Про ходока объяснять не стал. Мама убежала в соседнюю комнату, хлопнула дверью так, что с потолка осыпалась штукатурка. Отец с сыном, изумившись, окаменели в белой кадильной дымке, верно, ожидая ключей от рая. У Самуилы плешки нет. Она не в счет, сводная сестра Яши, дочь от первого брака Риды Власовны. Яков многое видал и подслушивал в закуте, да и отношение к ней Данилы Ивановича иное: чужая она ему.

Лет через шесть-семь обозначилась следующая метка семейства Краснобаевых: ею страдал римский император Корнелий Сулла. Проклятие появилось вдруг, неожиданно темным, декабрьским утром.

– Очень вегетативный мальчик, – задумчиво произнес давний мамин знакомый доктор, простукивая молоточком нервные узлы – Зимний тип заболевания, советую летом на море, – намеренно скорчил потешно лицо, весело подмигнул Яшиной маме, как дурак-паралитик.

Заведующая уступила Риде Власовне лучшее отпускное время за небольшую, но хлопотную услугу: оставила им в нагрузку свою четырнадцатилетнюю дочь-дылду.

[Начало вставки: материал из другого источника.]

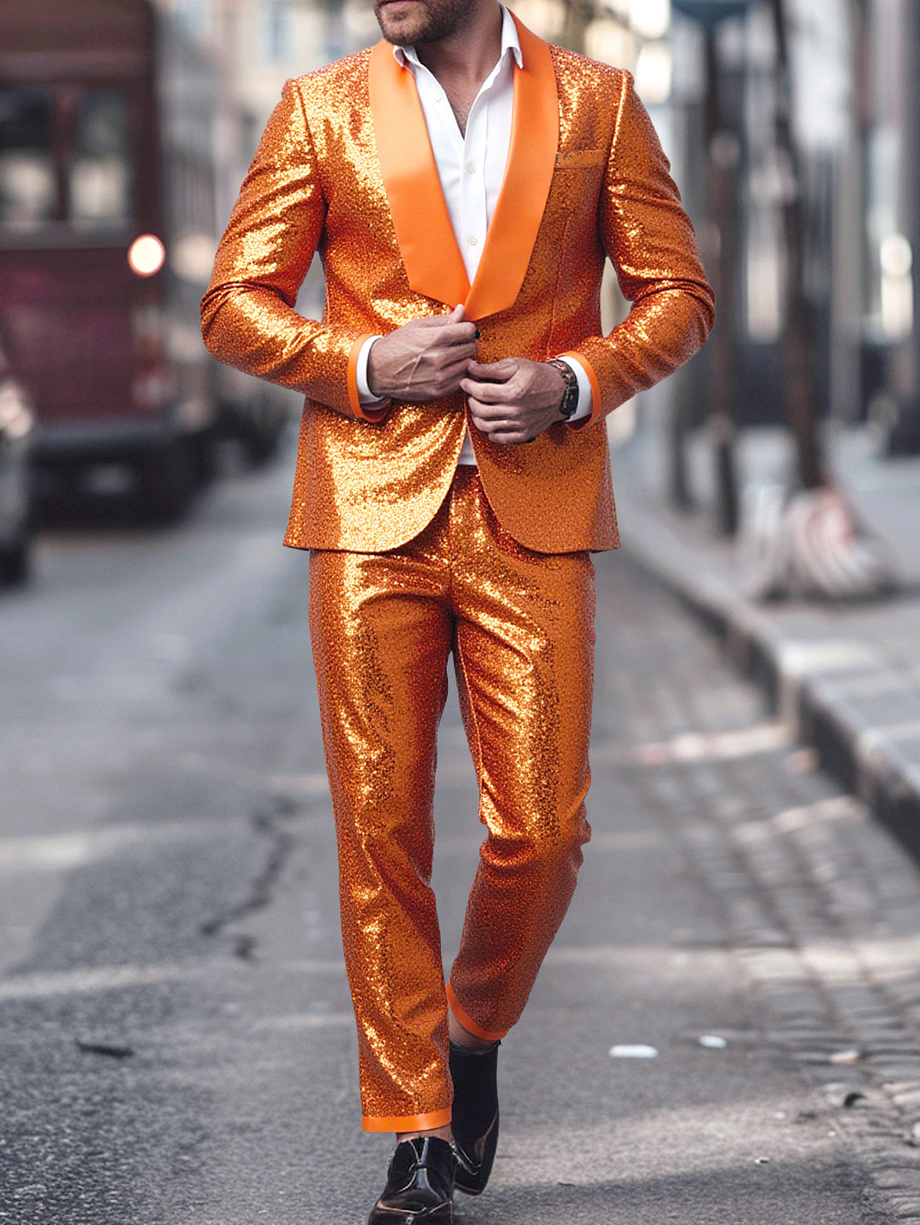 Men's New Foreign Trade Orange Banquet Stage Two-piece Suit

Море перекатывалось упругим зверем, поигрывало мелкой галькой. Бросало в широкие ладони светлеющих барашков пенистую муть, очень похожую на ту, которая остается после стирки белья. Яков боялся: заплыви далеко за буйки, выпучится из морских глубин Невиданное, поглотит его. В зыбкой ряби воды мерещились неясные шевеления. Мальчик десятки раз проигрывал воображаемую схватку. Переворачивался на спину, с облегчением понимая: этому никогда не бывать. Фантазия. На берегу мельтешили люди. Они бесконечно выкладывали то полотенце, то студенистый кусок куриной голени, то журнал или газету, то крем для загара. И так до остывающих, подслеповатых сумерек. Где-то там, в груде лоснившихся тел должна быть Нелли. Яков с удовольствием представлял, как он выберется на сушу, подкрадется, бросит Нелли на голый живот вместе с горстью солоноватых капель колючего краба. Она вздрогнет. Заполощутся рваными флагами на ветру выгоревшие с позолотой волосы. Рида Власовна окажется рядом, но Яков приластится к ней:

– Мамуля, ну, мамуля! Видишь, мы забавляемся!

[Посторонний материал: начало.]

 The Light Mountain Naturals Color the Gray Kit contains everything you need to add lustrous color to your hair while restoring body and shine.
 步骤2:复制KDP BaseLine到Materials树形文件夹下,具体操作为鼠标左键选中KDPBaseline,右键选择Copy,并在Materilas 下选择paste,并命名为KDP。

Она рассмеется, притянет его к себе. Яков, прислонившись к родительнице, вспыхнет. Застесняется розоватой в родинках складчатости, отпрянет в воду. Нелли за ним. Замрет у кромки прибоя, потом неохотно шагнет вперед, заберется по самую грудь. Яков поднырнет, осторожно коснется упругой ягодицы. Девушка притворится. Ничего не заметила. Не сговариваясь, поплывут вместе к нагромождению камней. За острыми выступами на мелководье блещут перламутром пупырчатые раковины. Их выстроят в ряд, будут подмечать мельчайшие различия, оттенки. Подростки посплетничают о школе, учителях. Паузы между разговорами все более продолжительны. В синеву глаз досыта не наглядеться. Третий день прячутся в укромных местах, украдкой неумело целуются. Нелли поопытней, подучивает Якова. Впервые смешно вышло. Зубами стукнулись. Рида Власовна не перестает удивляться: даже губы обгорели до кровяной юшки!

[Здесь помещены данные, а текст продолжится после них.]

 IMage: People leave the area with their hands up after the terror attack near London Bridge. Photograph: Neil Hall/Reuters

Разлягутся на разогретых окатышах. Девичьи завитушки разбегутся по тонкому мальчишескому предплечью. На душе тепло, благостно. Мальчик вспомнит, как прошлым летом болел корью. Пропало лето! Температурил, бредил. Его положили под цветастым ковром с нарисованным на нем носорогом. В окно настойчиво царапался орешник. Ветер выкручивал наизнанку листья. Солнечные блики набегали урывками. Чернокожие охотники выслеживали зверя, плутали по узорам синтетики. Запомнился шприц в белом халате, отцовское: «Терпи!» Верно, надо крепиться, пока не загонят разъяренное животное в западню. Озабоченные, родные лица склонялись над мальчиком, плавно перетекали в глиняные, охряные маски. Вечером Якова госпитализировали. Когда он вернулся домой, угрюмый носорог непобедимым пятном щурился на прежнем месте. Длинные, подвижные тени загонщиков пропали. Стояла поздняя осень, орешник давно гол.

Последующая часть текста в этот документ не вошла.